You might ask how this relates to sovereignty and submarines. The Abbott government’s decision to cut the Australian car industry adrift has arguably compromised Australia’s knowledge and capacity to take on sophisticated ‘sovereign’ projects like nuclear submarines.

This graph from 2016 analysis by Swinburne University Professor of Economics, Abbas Valadkhani, shows the flow-on effects of the Australian car industry’s closure would most significant in the professional, scientific and technical sectors by a significant margin.

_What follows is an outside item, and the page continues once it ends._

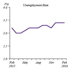 Unemployment rate was 3.4% The unemployment rate for February 2016 was 3.4 per cent, similar to January 2016. Year-on-year comparison showed that the unemployment rate rose by 0.2 percentage points. Meanwhile the seasonally adjusted unemployment rate was 3.2 per cent, same as was recorded in the previous month.

The government’s Department of Industry, Science, Energy and Resources website says a key component of the Morrison government’s JobMaker plan is to build an innovative and high-value manufacturing sector in Australia. It continues that this will “be underpinned by whole-of-economy reforms in areas such as tax, industrial relations, energy, trade, expansion and diversification, innovation and skills.”

It might not suggest subsidies, but that’s just a matter of semantics. It points inevitably to significant future investment in building, dare I suggest restoring, the nation’s manufacturing base. In fact, the government explicitly declares: “In Australia, we are moving out of heavily protected production to specialised production.”

This plan is unequivocal recognition that Australia must rebuild its manufacturing base. That’s not to say there is an argument for reinstatement of a major automotive manufacturing sector. That sub has sailed. However, you have to ask whether it was extreme shortsightedness nearly a decade ago to not consider the now acknowledged strategic importance of such a manufacturing base to our sovereignty.

Killing off Australia’s most significant manufacturing sector wiped out a pool of expertise, skills and capacity that could well serve our aspirations to manufacture sophisticated submarines and other high-end products. The Australian automotive sector and especially the people within it were highly regarded throughout the automotive world for innovation in design and engineering.

Luminaries in these fields were seconded to the US, Europe and Asia to direct and, indeed, rescue projects in overseas affiliates that led design thinking. This is the foundation stuff of any nation aspiring to ‘clever country’ status and transcends the boundaries dividing the subsets of a manufacturing sector.

We are fortunate to be debating these issues in a peacetime setting. It is now literally a lifetime since World War II and it is easy to forget how, in times of acute need, a sovereign manufacturing base can be converted to supporting a war effort.

CSL’s quick tooling up for vaccine production in the latter part of 2020 has been a case in point as we wage war on the battlefront of the pandemic. But let’s nmot forget that during the war years, Ford’s Geelong manufacturing facilities were producing landing barges and other military supplies to support Australian troops in far flung war zones. Holden’s plants turned out armoured vehicles and even aeroplanes. Who would be capable of stepping up to do this at short notice today?

In 2013, the Australian Strategic Policy Institute (ASPI), linked commentary on the demise of the Australian automotive industry and the announcement that submarines (the French version) would be partially built in Adelaide:

“With the prospect of a new generation of submarines to be built in Adelaide, Australia’s defence industry will continue to demand advanced manufacturing and design skills similar to those that the local automotive sector has gradually developed since WWII. ASPI’s Mark Thomson, who has been watching the defence business for a long time, notes that ‘the demise of the car industry will only make it more difficult to maintain the skills base and the sub-contractor base that underpin defence manufacturing in Australia’,” it wrote.

It concluded: “The challenge for the Abbott government will be to design a strategic plan to foster the skills base and innovative manufacturing technologies that will build on the long-term contribution of the car industry to Australia’s national well-being and help sustain those elements of manufacturing that defence relies on.”

According to the government’s own website, the baton has passed through several hands to the Morrison government and remains an aspiration rather than a realisation.